I would like to hear your methods, and thoughts on this.  Do you bolus? when and why? what method do you use to get it in them? At what ages do you start?  Do you feel like there is anything else that I need to know (aside from dosaging)?

*I bolus once a year for most of the herd...a couple get it 2x year.
I now use the method outlined by helmstead here:* http://www.backyardherds.com/forum/viewtopic.php?id=7238&p=3


----------



## redtailgal (Sep 5, 2011)

z


----------



## Renegade (Sep 6, 2011)

We copper bolus everything twice a year. 

Donna


----------



## 20kidsonhill (Sep 6, 2011)

copper bolused early this spring, We were very happy with the results and our worm loads were way way down. We have only done our adult herd. 

I tried the marshmellow thing once, but not with much luck.
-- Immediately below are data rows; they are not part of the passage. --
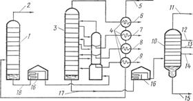 1 - предварительная отбензинивающая колонка К-1; 2 - пары нестабильного бензина; 3 - сложная ректификационная колонна К-2; 4 - теплообменники; 5 - обессоленная и обезвоженная нефть с ЭЛОУ; 6 - бензин; 7 - лигроин; 8 - керосин; 9 - соляр; 10 - вакуумная колонна К-10; 11 - газойль; 12 - веретенное масло; 13 - машинное масло; 14 - цилиндровое масло; 15 - гудрон; 16 - трубчатая печь; 17 - мазут; 18 - отбензиненная нефть.
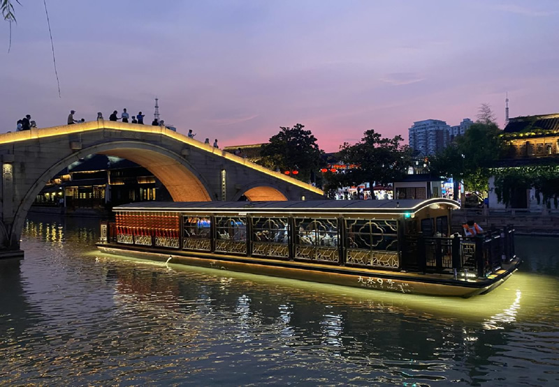 該船外觀及內飾緊緊圍繞“紅船魂? 江南韻 ? 運河情?國際范”的主題展開,整體采用仿古木藝的中式裝修風格,充分彰顯嘉興江南水鄉(xiāng)、的文化魅力。
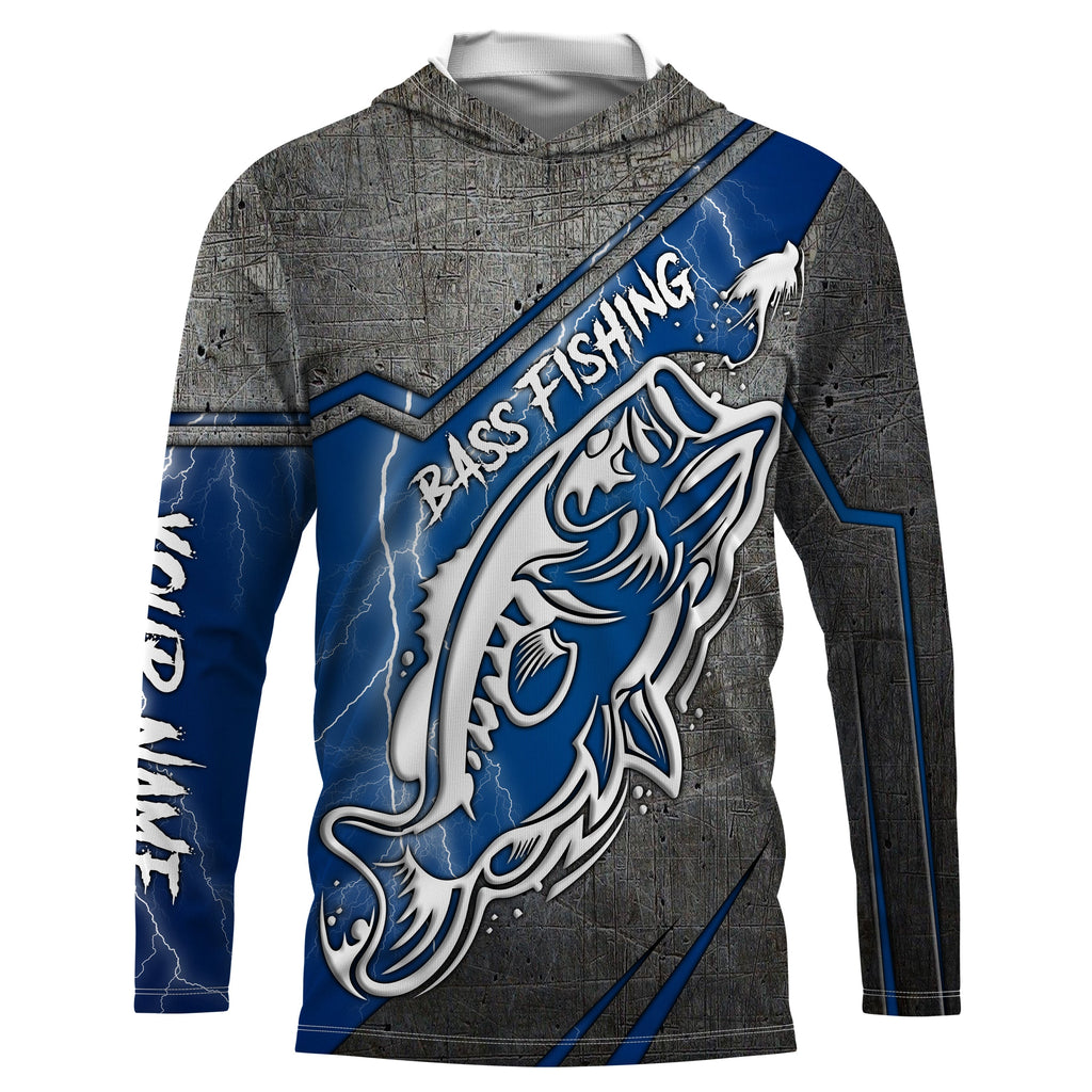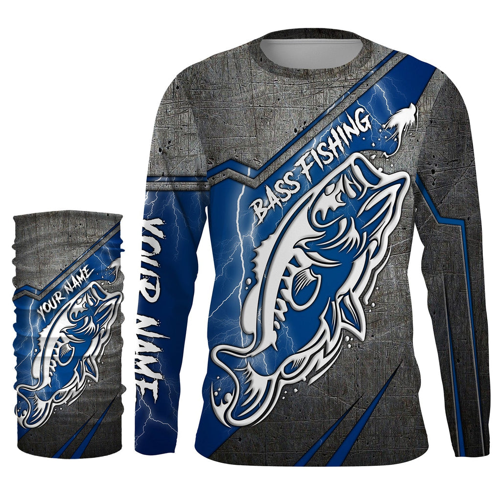 Largemouth bass fishing tattoo Custom Name 3D All over printed Fishing Shirts UV protection UPF 30+, blue lightning fishing jerseys NQS2816
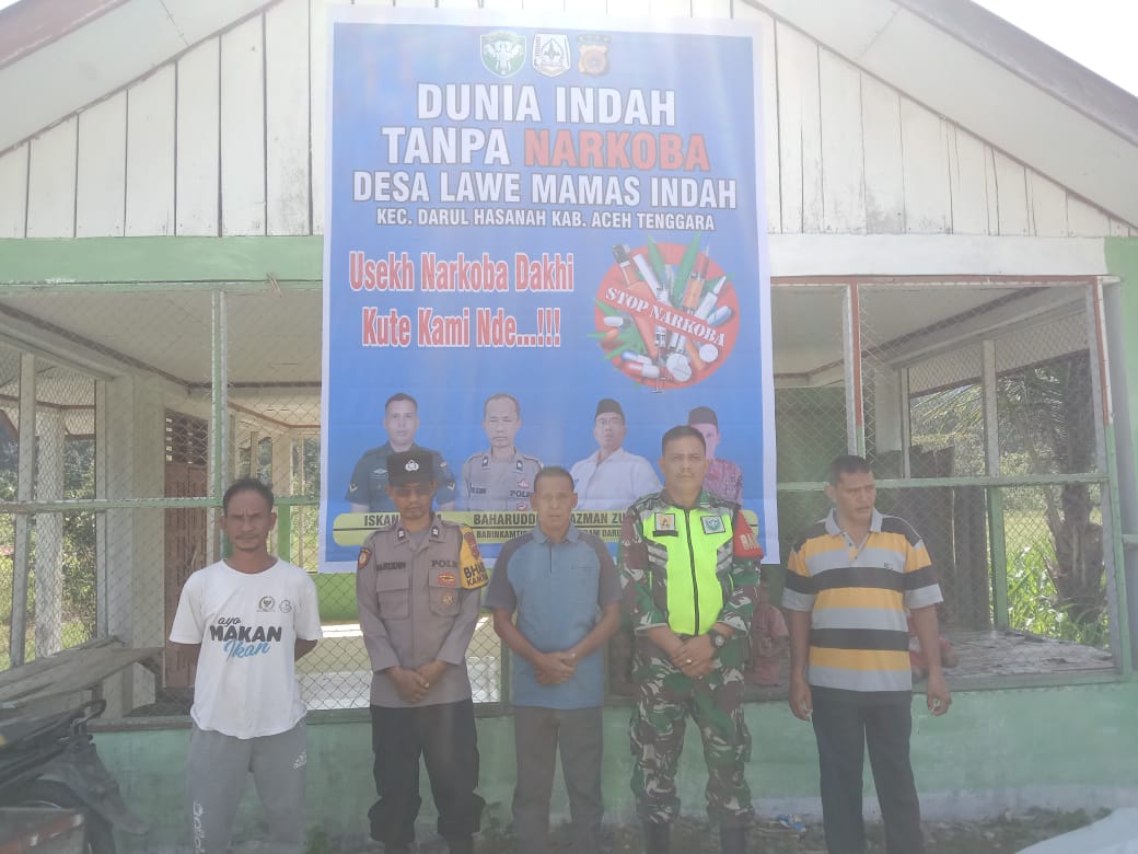 Kutacane – Babinsa Posramil Darul Hasanah Serda Iskandar jajaran Kodim 0108/Agara bersama Bhabinkamtibmas Bripka Kamarudin dan kepala Desa bapak Jamaludin memasang sepanduk Himbauan Stop Narkoba di desa mamas indah Kec, Darul Hasanah Kab, Aceh Tenggara, Rabu (29/05/24).
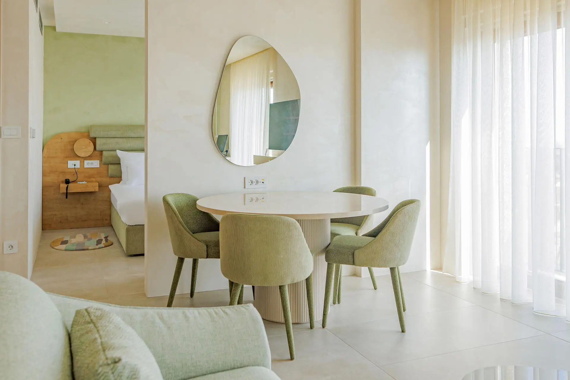 Posebna pažnja posvećena je izdvojenom prostoru za rad, koji je opremljen velikim radnim stolom, radnom foteljom, kao i monitorom i drugom opremom za povezivanje računara. Apartman uključuje i potpuno opremljenu kuhinju, prostranu spavaću sobu, prostor za ručavanje i odvojeni garderober. Sadrži udoban bračni krevet i sofu na razvlačenje, idealnu za jednu odraslu osobu ili dvoje dece. Gostima su na raspolaganju besplatni pristup internetu, elektronski sef, klima uređaj, flat-screen TV sa kablovskim kanalima, kupatilo sa tuš kabinom i balkon. Pametni sistem za digitalno upravljanje temperaturom, osvetljenjem i zavesama unapređuje iskustvo boravka, a dodatni luksuz pruža besplatan mini-bar i izbor Lavazza kafe i čajeva.
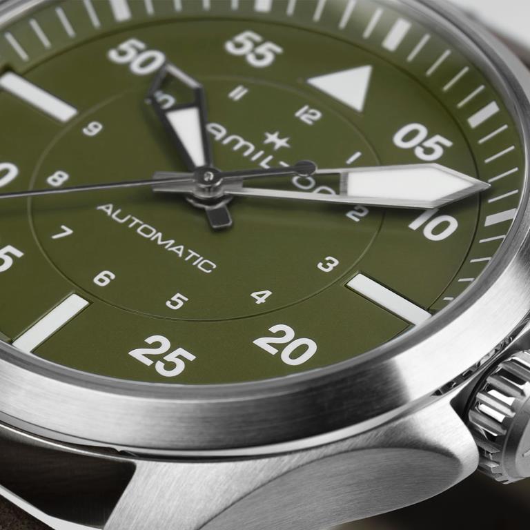 Nove ure Khaki Aviation Pilot 39 mm poganja avtomatski mehanizem H-10 s 25 dragulji in vzmetjo Nivachron. Ta mehanizem temelji na arhitekturi ETA, znani tudi pod imenom Powermatic 80, ponuja impresivno 80-urno rezervo energije navtija, kar ga razlikuje od klasičnega mehanizma ETA 2824. Mehanizem je viden skozi hrbtno stran ohišja iz safirnega stekla, ki prikazuje Hamiltonov značilni logotip v obliki črke H ter izrezano obliko rotorja.
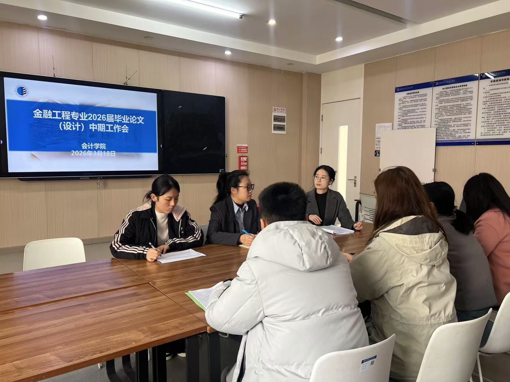 3月18日中午,金融工程教研室在实验楼312召开2026届本科毕业论文中期检查工作部署会。本次会议由财经审计教研室主任及茹主持,金融工程教研室全体教师参会。会议紧扣公司、公司关于本科毕业论文工作的各项要求,聚焦论文写作全流程监督与指导,旨在进一步规范毕业论文写作环节,及时排查写作过程中的各类问题,保障本届毕业生毕业论文工作高质量、有序推进。会上,及茹主任强调了本科毕业论文在本科人才培养体系中的核心地位与重要意义。...
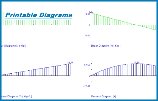 - Printable shear, moment and deflection diagrams.
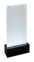 Features\n- for DL (105x210 mm)\n- Product dimensions: 116 x 254 x 46 mm\n- Material: Acrylic\n- Design: clear/black\n- Model: illuminated double-sided presentation, battery-powered\n- 1 pieces\n\nThe LED table-top display frame, "luminous (116x254x46 mm), for DL inserts, is the ideal way to put the spotlight on information and special offers\nConsists of transparent acrylic panels held together by magnets, a glossy black base with integrated LEDs and a switch on the bottom of the base\nPowered by 2 x 1.5 V AA batteries, the versatile table-top display frame has a burn time of approx. 250 hours (batteries not included)\nIdeal for use in catering establishments, hotels, at events and trade fairs, and for production presentations\nExtremely practical: the inserts, which can be viewed from both sides, can be exchanged quickly and easily\n\nThe "luminous" LED table-top display frame will draw your guests' and visitors' attention to your special offers. The lighting in the base is an attractive way to showcase your information. The high-quality, designer display frame for DL inserts consists of a plain black base made of glossy acrylic and two transparent acrylic panels held together by small magnets. The LEDs integrated in the base illuminate the inserts, which can be viewed from both sides, with a modern light similar to daylight. It takes just a few moments to exchange the inserts. The "luminous" table-top display frame is extremely versatile: in catering establishments, hotels, at events and trade fairs, but also for product presentation. It adds a visual element to your information while presenting it elegantly. The practical switch on the bottom of the base activates and deactivates the LED illumination. Flexible and portable, an additional advantage of the "luminous" LED table-top display frame is its burn time of 250 hours.

A couple does showed interest,and then rain all the other goats off and no one else would try eating them. bolusing just seemed the best way to get it done and not diddle around with it. Atleast with 20 or 30 goats in a herd. 


I still had the most problems with worm loads on  my yearlings, even after bolusing. but atleast 10 of my 20 adult does  have not been wormed even one time since last fall, yes almost a year.  5 more of the 20 have maybe only been wormed once or twice and then there have been 5 or so that have been a little more persistant with the worm load problems. 


We also bring the red cell out with us when we worm, If they are border line on the famancha scale and over all condition, we only give red cell(30 cc), and recheck in a week, if they are very anemic we worm, give an iron shot(3 cc), and also 30cc red cell. We don't just use famancha scale, we also consider overall body condtion and hair coat quality. so even if they are not anemic and have poor hair coat quality, I will hit them with red cell.


----------



## ohiofarmgirl (Sep 6, 2011)

i'm doing this later this week. i have the copper for calves but the pills are HUGE and way too much for my little girls. so i asked at the pharmacy and they gave me empty people-type capsules and my plan is to open the big calf-size pills and fill the people pills with the copper and give it to her that way. 

i talked to my breeder friend this weekend and he gave me the dose info and a "tip" which was to dunk the pills in veggie oil so they'd go down easier. 

thats the plan anyway


----------



## cmjust0 (Sep 6, 2011)

redtailgal said:
			
		

> If the rods are delivered to the stomach, and are slow release...........are they not pooped out the other end?


Goats have four stomachs.  COWP is designed to be trapped in the folds of the abomasum, which also happens to be where barberpole worms live.  



> Is the copper toxic to worms? WHY does it help with worming?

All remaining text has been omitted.